С переводом меня в Лефортовскую тюрьму круг репрессий расширялся. Меня заставляли стоять часами до изнеможения, в безмолвии в кабинетах следователей, ставили как школьника лицом в угол, трясли за шиворот. Хватали за бороду, дважды сажали в карцер, вернее, погреб. Совершенно сырое и холодное помещение с замурованным наглухо окном. С начала августа следователи гр. гр. Мешик, Адамов, Албогачиев начали меня бить. На трех допросах меня били по щекам за то, что я заявляю, что я честный большевик и что никаких фактов моей преступной работы у них нет и не может быть».

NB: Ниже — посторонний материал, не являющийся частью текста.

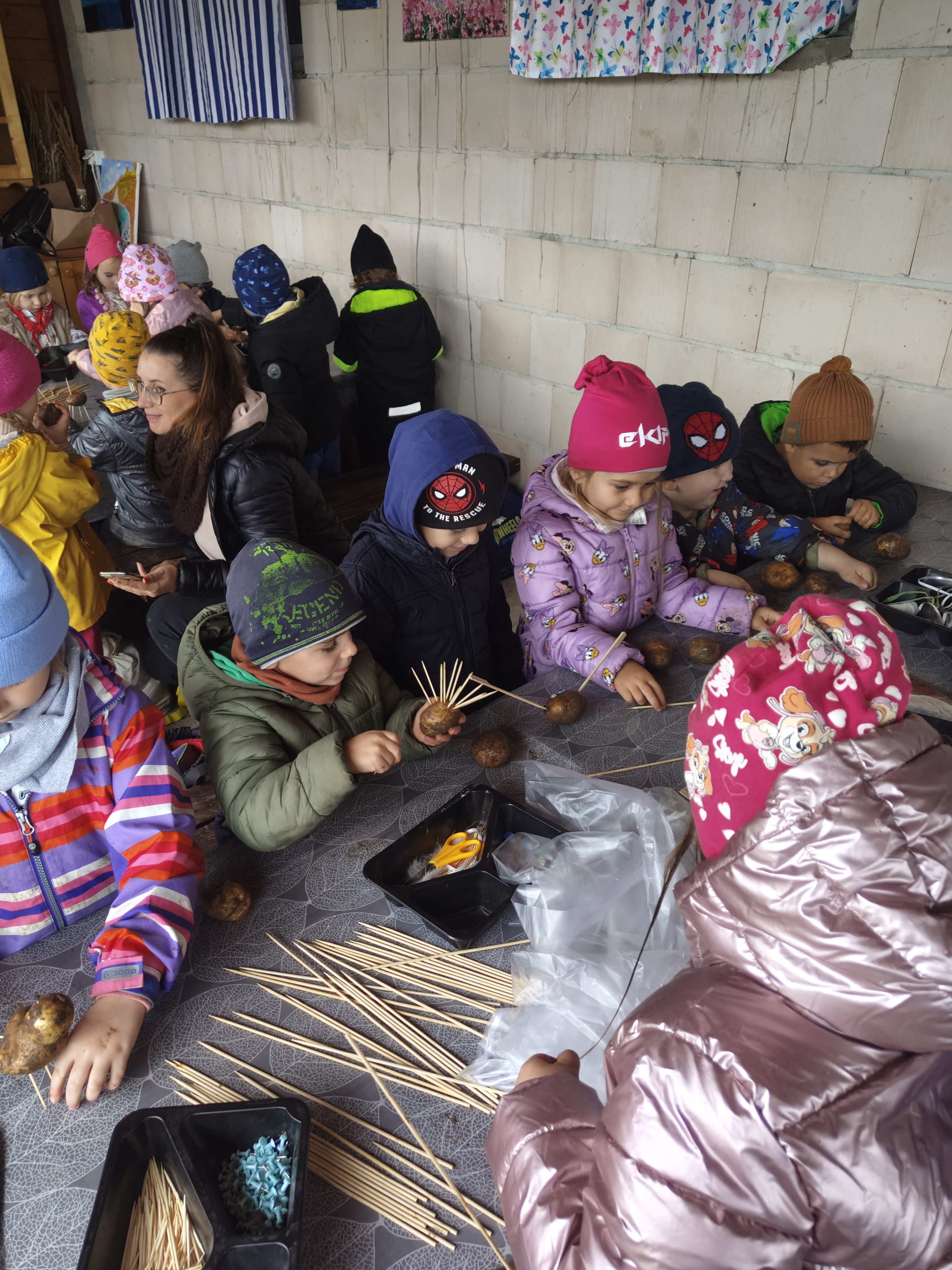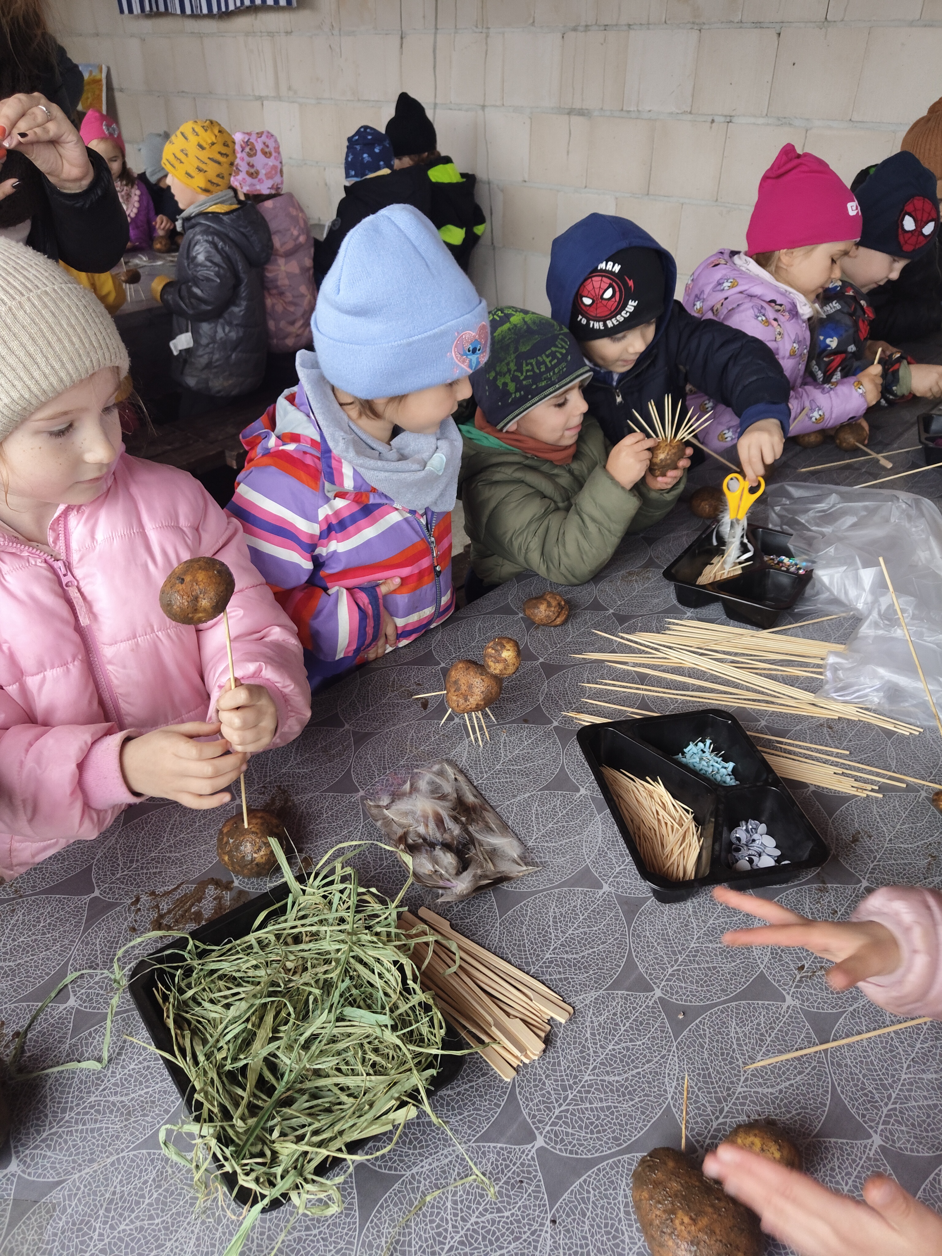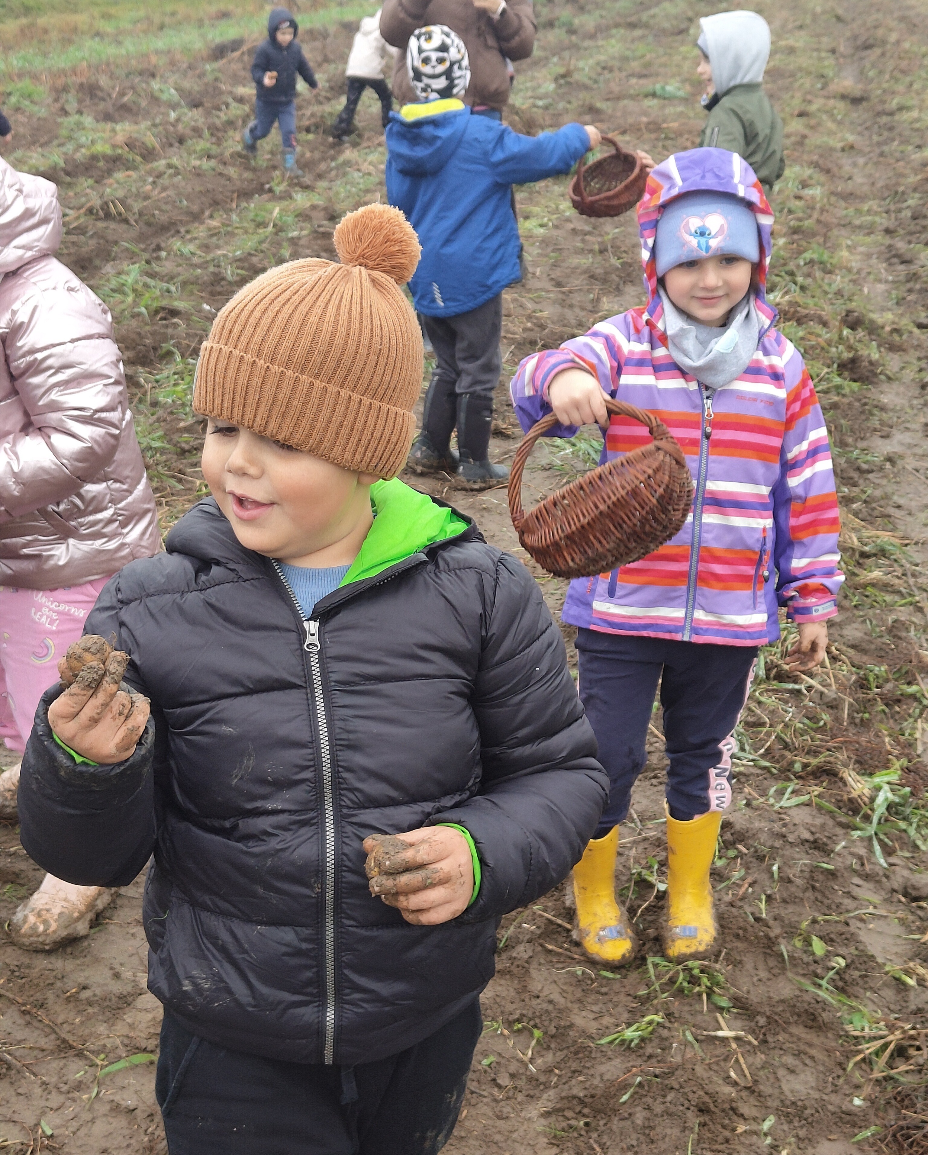 Jedną z jesiennych atrakcji dla naszych przedszkolaków były wykopki, na które udały się do gospodarstwa w Lubstynku. Dzieci miały okazję zobaczyć, jak wykopuje się ziemniaki, ale największą atrakcją było ich zbieranie oraz wspólne zabawy w polu. Zapał i zaangażowanie dzieci w pracę zaskoczył nas wszystkich, a zbieranie ziemniaków okazało się nie tylko pracą, ale dobrą zabawą. Przedszkolaki dały radę i pozbierały wszystkie ziemniaki przygotowane do zebrania. Uwieńczeniem zbierania ziemniaków było wspólne ognisko oraz warsztaty których tematem wiodącym był ziemniak. Lekko zmęczeni, lecz bardzo zadowoleni z workiem ziemniaków wróciliśmy do przedszkola.

Кедрова еще не били резиновыми дубинками — в этом ему повезло. В отличие от Мейерхольда. Всемирно известный режиссер подробно описал прокурору А. Я. Вышинскому истязания, которым его подвергали:
«Меня клали на пол лицом вниз, резиновым жгутом били по пяткам и по спине; когда сидел на стуле, той же резиной били по ногам (сверху, с большой силой) и по местам от колен до верхних частей ног; когда эти места ног были залиты обильным внутренним кровоизлиянием, то по этим красно-синим-желтым кровоподтекам снова били этим жгутом, и боль была такая, что казалось, что на больные чувствительные места ног лили крутой кипяток (я кричал и плакал от боли). Руками меня били по лицу». Андрея Януарьевича, как и Лаврентия Павловича, подобным удивить было трудно. На суде, состоявшемся 1 февраля 1940 года, Мейерхольд, обвиненный в шпионаже в пользу Японии, по заданию которой он будто бы готовил теракт против Сталина, утверждал, что «врал на себя благодаря лишь тому, что меня избивали всего резиновой палкой. Я решил тогда врать и пойти на костер».
Лаврентию Павловичу предстояло отправить на костер не сотни тысяч невиновных людей, как при Ежове, а в несколько раз меньше. Берия творил добро, отнюдь не порывая со злом. Да и странно было бы ожидать от большевика с более чем 20-летним стажем и кадрового чекиста отстаивания принципов правового государства. Хотя, как мы помним, в своих докладных записках он иной раз и щеголял этим термином…
В бытность Берии наркомом НКВД осуществило решение Политбюро о расстреле пленных польских офицеров и интернированных гражданских лиц польской национальности из числа интеллигенции и имущих классов — почти 22 тысячи человек. По утверждению Серго Лаврентьевича, его отец выступил против казни поляков: «Свою позицию на заседании Политбюро (состоявшемся 5 марта 1940 года. —
На решении о расстреле поляков подписи Берии действительно нет — он был лишь кандидатом в члены Политбюро и не имел права решающего голоса. Предложение же НКВД об этой расправе Лаврентием Павловичем подписано. На окончательном постановлении стоят подписи членов Политбюро, но есть одно примечательное исправление: в составе «тройки», которой надлежало проштамповать смертные приговоры полякам, фамилия Берии, стоявшая в машинописном тексте, вычеркнута и чернилами вписана фамилия Б. З. Кобулова. Скорее всего, предложение за подписью главы НКВД составлялось не им и уже после принятия принципиального решения руководящей четверкой в составе Сталина, Ворошилова, Молотова и Микояна. Отсутствующих Калинина и Кагановича опросили потом по телефону, и они тоже высказались «за». Не стал бы Лаврентий Павлович предлагать самого себя в состав «тройки», чтобы потом самого же себя и вычеркивать. Вероятнее всего, Берия действительно выступал против казни и настоял, чтобы его имя было вычеркнуто из числа тех, кто вынес смертные приговоры. Принимая во внимание относительный либерализм Берии в бытность его главой Грузинского ГПУ и его послевоенную позицию относительно объединения Германии в единое буржуазно-демократическое государство, рассказ Серго о возражениях отца против расстрела поляков представляется вполне правдоподобным.
Кроме поляков в 1939–1941 годы было уничтожено несколько десятков тысяч представителей прибалтийской, западноукраинской и западнобелорусской национальной элиты. За эти и за многие другие преступления против человечества Берия несет ответственность как шеф НКВД и член высшего руководства страны. Из западных районов Белоруссии и Украины было депортировано в 1940 году 140 тысяч польских крестьян, так называемых «осадников», переселившихся сюда после 1920 года. За несколько дней до начала Великой Отечественной войны была осуществлена также массовая депортация «неблагонадежных элементов» из Прибалтики и Бессарабии.